Banks brace for lower profits – Journal

KARACHI: The national stock market went bust on Monday mainly because investors reacted to the sharp increase in tax rates on the index heavyweight banking sector.
If parliamentarians pass the proposed changes to the banking sector tax regime in their current form, commercial banks’ net profits will decline by around 20% for 2022 and 15% for 2023, according to Topline Securities. Banks’ accounting period for financial statements is the calendar year.
The federal budget aims to increase taxes on banks under three different headings: a higher corporate income tax, an additional “poverty alleviation” tax, and an increase in taxes on interest income. generated by public securities.
From now on, the banks pay a corporation tax of 35 pc and a super tax of 4 pc, which brings the minimum applicable tax to 39 pc. The proposed budget increases the corporate tax rate to 45% while eliminating the super tax altogether. In addition, it imposes a poverty alleviation tax of 2% on all companies with profits above Rs 300 million.
Therefore, the post-budget minimum taxes applicable to commercial banks amount to 47%.
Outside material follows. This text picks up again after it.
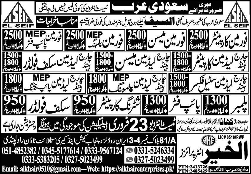 Al Khair Enterprises jobs commercial dated about 19 February 2026 in every day Specific Newspaper invitations utility for the vacant publish of chargehand carpenter, block mason, lead man mason, chargehand metal fixer, chargehand mep pipe becoming, lead man carpenter, foreman mep plumbing, foreman scaffolder, chargehand scaffolder, shuttering carpenter, pipe fitter, lead man mep plumbing, plumber, foreman mep pipe fitter, chargehand mason, scaffolder, lead metal fixer, chargehand mep plumbing, foreman mason, foreman carpenter, lead mep pipe becoming and lead man scaffolder in Taif, jeddah Saudi Arabia. Academic {qualifications} required Intermediate, Matric and Bachelor and so forth.

“The sector has been burdened with heavy taxes across the board on (the) increased earnings in the ongoing monetary tightening environment – in addition to being penalized for higher incomes from federal government securities,” he said. said Amreen Soorani, head of research at JS Global.
The proposed budget aims to increase the tax rate on banks’ interest income they earn by investing in government securities like treasury bills and bullion bonds.
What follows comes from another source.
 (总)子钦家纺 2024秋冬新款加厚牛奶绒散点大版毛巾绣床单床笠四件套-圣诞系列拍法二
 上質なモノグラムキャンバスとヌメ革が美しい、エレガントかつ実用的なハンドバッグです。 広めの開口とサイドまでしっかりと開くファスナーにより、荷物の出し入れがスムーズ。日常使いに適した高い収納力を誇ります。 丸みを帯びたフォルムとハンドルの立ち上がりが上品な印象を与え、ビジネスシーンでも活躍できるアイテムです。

“Following the 2021 law amending the SBP, the government must rely mainly on commercial bank borrowing to finance its budgetary needs, which has led to an increase in secondary market yields on government securities,” he said. said Umair Naseer, associate director of research at Topline Securities.
The proposed hike in the tax rate on interest income earned on government securities is aimed at preventing banks from taking “undue advantage” of Islamabad’s recent ban on direct borrowing from the central bank, it said. -he adds.
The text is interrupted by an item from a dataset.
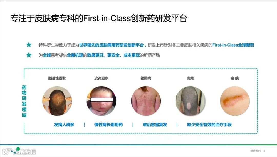 “特科罗生物专注于皮肤疾病治疗用小分子药物研发的生物医药创新公司,公司药物研发方向包括脱发治疗、银屑病治疗、皮炎等市场稀缺性标的。公司临床前研发的治疗脂溢性脱发创新药拥有全球性知识产权,且有详实的论文数据作为支撑,即将进入临床一期研究。银屑病和湿疹项目已经获得药物候选化合物,进入临床前CMC阶段研究,明年可望递交临床一期申请。”

The new tax rates on interest income from government securities are different for banks with a variable advances on deposits ratio (ADR), which measures outstanding loans as a percentage of deposits. A lower ADR means the bank is lazy investing more of its deposits in risk-free government papers.
The proposed tax rate with banks with ADRs of 50% or more is 45% compared to the 35% currently in place. The rate is expected to rise from 37.5% to 49% for banks with ADRs between 40% and 50%. It will be 55% for banks with ADRs below 40%.
“Banks will now gradually try to get rid of high cost deposits and will also seek to increase their exposure to advances to minimize the impact of these measures,” Naseer said, adding that banks may also challenge this “huge increase taxes” in court. .
According to the calculation made by AKD Securities, the proposed measures will help the government raise an additional 70-80 billion rupees in taxes per year. The total contribution to the public treasury from members of the Association of Banks of Pakistan in 2021 was more than 340 billion rupees, according to the representative body of commercial lenders.